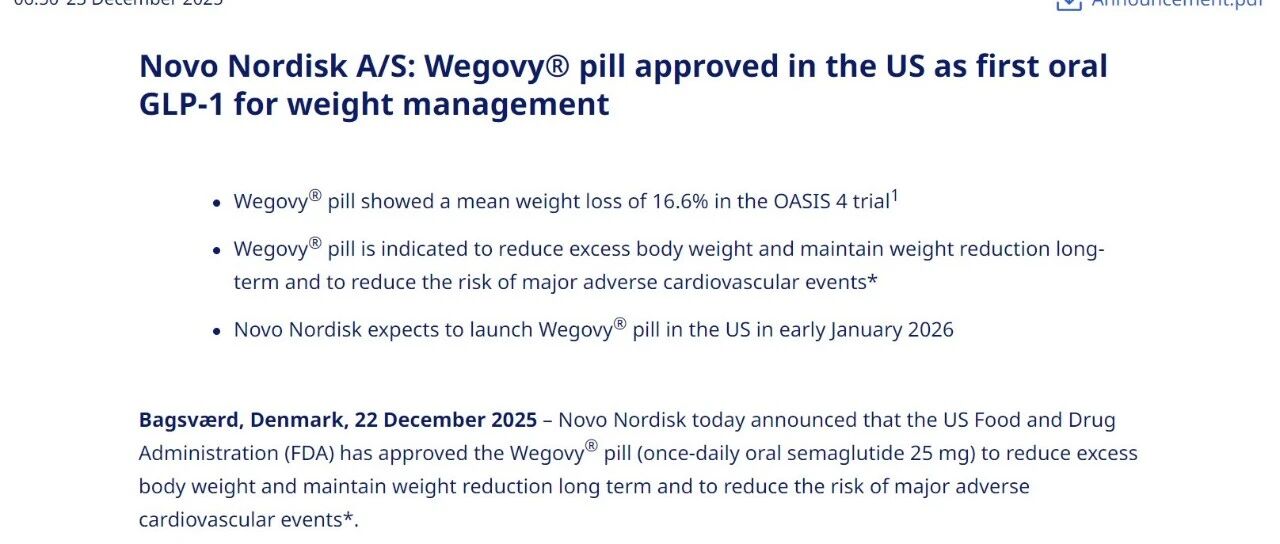 整理 | GLP1减重宝典内容团队 2025年12月22日,诺和诺德宣布,其口服司美格鲁肽片剂Wegovy已获得美国食品药品监督管理局批准,用于减轻超重体重、长期维持减重效 果,并降低主要不良心血管事件发生风险。这一产品为每日一次、25毫克剂量,是全球首款获批用于体重管理的口服GLP-1受体激动剂疗法。 安全性方面,OASIS 4再次验证了司美格鲁肽已知的耐受性特征,与既往用于体重管理的临床结果一致,未出现新的安全信号。 这一批准节点,标志着减重药物竞争进入全新阶段。继注射剂型迅速放量后,口服方案首次在疗效、安全性与监管层面同时成立,意味着减重 治疗正在从阶段性干预,转向更接近慢病管理的长期用药模式。 受此消息影响,诺和诺德股价盘后大涨10%。 点击关注,追踪最新GLP-1资讯 ▍16.6%的数字背后:口服首次"对齐"注射疗效 此次获批的核心依据,来自OASIS临床试验项目与SELECT心血管结局研究数据。其中,OASIS 4试验成为决定性证据。 在该Ⅲb期试验中,纳入了307名肥胖或超重、且合并至少一种并发症的成年受试者。结果显示,每日坚持服用25毫克口服司美格鲁肽,64周后 平均减重比例达到16.6%,与 ...
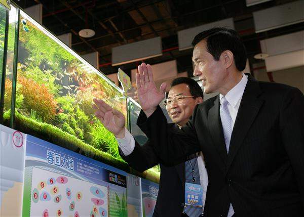 馬英九總統上午出席於臺北世貿展三館舉辦的「2011臺灣國際觀賞魚博覽會」,與行政院農委會副主委胡興華、漁業署署長沙志一等共同主持揭幕儀式,並期勉臺灣的觀賞魚養殖業「魚躍國際」。
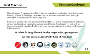 Los 9 medios de comunicación y periodismo independiente en Jalisco que conformamos esta red, expresamos rechazo a las recientes actuaciones de acoso judicial por parte del ayuntamiento de Lagos de Moreno contra la directora del medio digital Lagos Post.
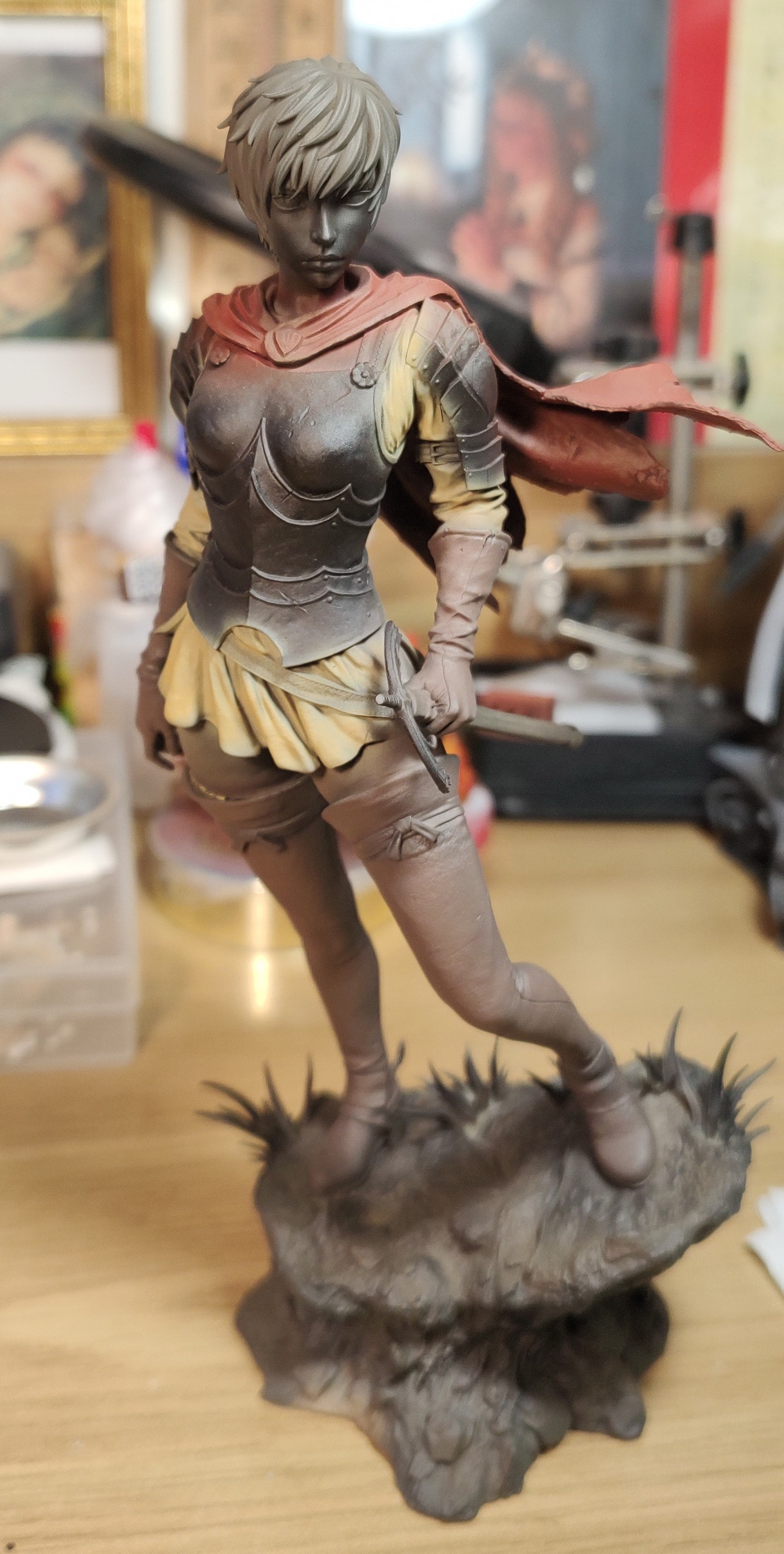 >>97865478Actually I did managed to glue her back in but since I acted like some autistic kid in fit of rage, I simply didn't posted results when she was back in one piece. Sort of one piece since sword handle was not yet glued back, due to how thin it is and impossible to pin. Likewise added some weights to her "base" to prevent future accidents since she is, as you can see, rather unstable. I wonder if people, who prepare models for 3D printing take these problems into consideration at all.I must also say that, despite my problems with cleaning (at least I know it's cleaning since spraying itself work just fine - then again, I thinner it really significantly, easily 3:1 thinner:paint, there were some grainy effects on paper so maybe it does separate at this point, AK acrylics by the way), I'm honestly surprised by how precise airbrush can be. Even with my obvious lack of skills, I could pinpoint lightly colored underclothes with minimal spraying around and avoiding staining red cloak. Granted, my only experience previously was Chinese model that sprayed rather wide but still. Maybe that Evolution was not expensive waste of money after all.

**What the task asks:** All of the material above is to be copied exactly, except for its images.

**Exercise solution:**
 整理 | GLP1减重宝典内容团队 2025年12月22日,诺和诺德宣布,其口服司美格鲁肽片剂Wegovy已获得美国食品药品监督管理局批准,用于减轻超重体重、长期维持减重效 果,并降低主要不良心血管事件发生风险。这一产品为每日一次、25毫克剂量,是全球首款获批用于体重管理的口服GLP-1受体激动剂疗法。 安全性方面,OASIS 4再次验证了司美格鲁肽已知的耐受性特征,与既往用于体重管理的临床结果一致,未出现新的安全信号。 这一批准节点,标志着减重药物竞争进入全新阶段。继注射剂型迅速放量后,口服方案首次在疗效、安全性与监管层面同时成立,意味着减重 治疗正在从阶段性干预,转向更接近慢病管理的长期用药模式。 受此消息影响,诺和诺德股价盘后大涨10%。 点击关注,追踪最新GLP-1资讯 ▍16.6%的数字背后:口服首次"对齐"注射疗效 此次获批的核心依据,来自OASIS临床试验项目与SELECT心血管结局研究数据。其中,OASIS 4试验成为决定性证据。 在该Ⅲb期试验中,纳入了307名肥胖或超重、且合并至少一种并发症的成年受试者。结果显示,每日坚持服用25毫克口服司美格鲁肽,64周后 平均减重比例达到16.6%,与 ...
 馬英九總統上午出席於臺北世貿展三館舉辦的「2011臺灣國際觀賞魚博覽會」,與行政院農委會副主委胡興華、漁業署署長沙志一等共同主持揭幕儀式,並期勉臺灣的觀賞魚養殖業「魚躍國際」。
 Los 9 medios de comunicación y periodismo independiente en Jalisco que conformamos esta red, expresamos rechazo a las recientes actuaciones de acoso judicial por parte del ayuntamiento de Lagos de Moreno contra la directora del medio digital Lagos Post.
 >>97865478Actually I did managed to glue her back in but since I acted like some autistic kid in fit of rage, I simply didn't posted results when she was back in one piece. Sort of one piece since sword handle was not yet glued back, due to how thin it is and impossible to pin. Likewise added some weights to her "base" to prevent future accidents since she is, as you can see, rather unstable. I wonder if people, who prepare models for 3D printing take these problems into consideration at all.I must also say that, despite my problems with cleaning (at least I know it's cleaning since spraying itself work just fine - then again, I thinner it really significantly, easily 3:1 thinner:paint, there were some grainy effects on paper so maybe it does separate at this point, AK acrylics by the way), I'm honestly surprised by how precise airbrush can be. Even with my obvious lack of skills, I could pinpoint lightly colored underclothes with minimal spraying around and avoiding staining red cloak. Granted, my only experience previously was Chinese model that sprayed rather wide but still. Maybe that Evolution was not expensive waste of money after all.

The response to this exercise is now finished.